What if I just sealed between the cells before I welded them. I could just use some sort of epoxy. Then I could seal the edges f the nickel so water can't get it in. The top of the nickel I can just use kapton or tape.
 
That sounds harder than building a well gasketed drybox to me.

Once you have a truly sealed box, with a blowout panel for emergency venting, then you could just put some drying agent inside. Same stuff you find in every pill bottle. It will then absorb any humidity in the box that gets in, like through a tiny gap in a wiring hole gasket. Dry right is one brand name.

You just have to use the right kind of sealants if you use plastics like ABS or poly. Gutter caulk for poly, but butlylene caulk is good for glass or metal sealing. Butylene will stay gooey for years though. So you might want to cover any excess with tape or something.
 
hmmmm. I definitely am using clear plastic sheet (probably polycarbonate) so that I can peek into the pack and also for cosmetic appeal of 336 shiny green 26650s.. :) I wonder if I should just DP420 most of it together..
 
hillzofvalp said:
My friend has a motorcycle with abs and al protecting the pack.. Rtv sealant is applied between cracks. He kept it out of the rain in his garage or under a cover and still found water inside which ruined part of his pack.. What about fiberglass?

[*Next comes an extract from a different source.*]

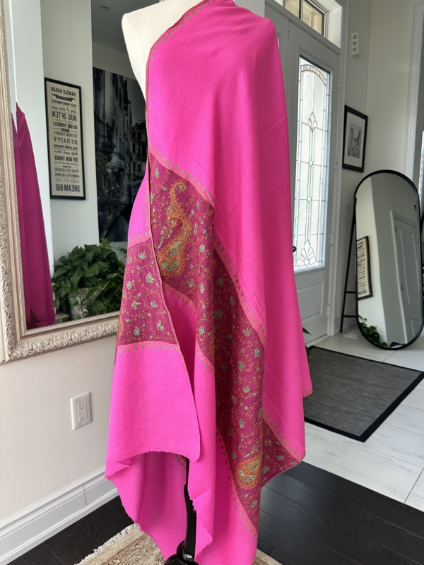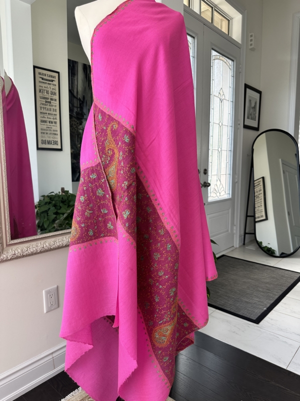 100% Hand-Embroidered Kashmiri Toosha Pashmina Shawl. Immerse yourself in the luxurious warmth and exquisite craftsmanship of this masterpiece. Painstakingly embroidered by skilled artisans, every intricate detail tells a tale of dedication and precision. Made from the finest Pashmina wool, this shawl embodies timeless elegance and sophistication. A perfect blend of heritage and luxury, it is a wearable work of art that adds a touch of opulence to any ensemble. Wrap yourself in the unmatched beauty and comfort of this handcrafted Kashmiri Toosh Pashmina Shawl.

If you attempt a sealed pack, you will not succeed, and it will become an aquarium.
Sealed can only work if you a real hermetic seal, which means you have to use solid lugs for every connection, because even a jacketed wire entering and exiting is plenty of path to make a nice little warming/cooling air pump that sucks in humid air as it cools, condenses it inside the battery case, and repeats this process until you've got an aquarium battery.

Try to make a difficult path for water to enter, and have plenty of drain holes anywhere water can collect (you can have a labyrinth under them to protect from road spray entering etc).

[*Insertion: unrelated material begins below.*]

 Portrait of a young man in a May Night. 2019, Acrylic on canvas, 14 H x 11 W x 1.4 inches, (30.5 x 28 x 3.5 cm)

If water doesn't have an easy path out of the battery, that battery is going to have issues from accumulating water.
 
Lol. Water won't pop a fuse. Just bubbles a little and corodes and discharges over time.
 
Ok. Well that simplifies my build. I am going to use all cell phase change material which changes phase at 55C.. A little high for this a123 chemistry but it's the only sample available to me. I doubt at 3-8C the pack will ever reach 35C anyways, but good for peace of mind and freak accidents.

I will stack modules vertically with 1/16" garolite in between, cover with formex, then compress pack slightly with 1/4" aluminum. Then I will seal everything on the top and edges.. And have ore drilled relief holes in key areas. Should I run all wiring out the bottom of this 2.5kWh pack?

Gases will be able to get out with this tight compression method I would hope.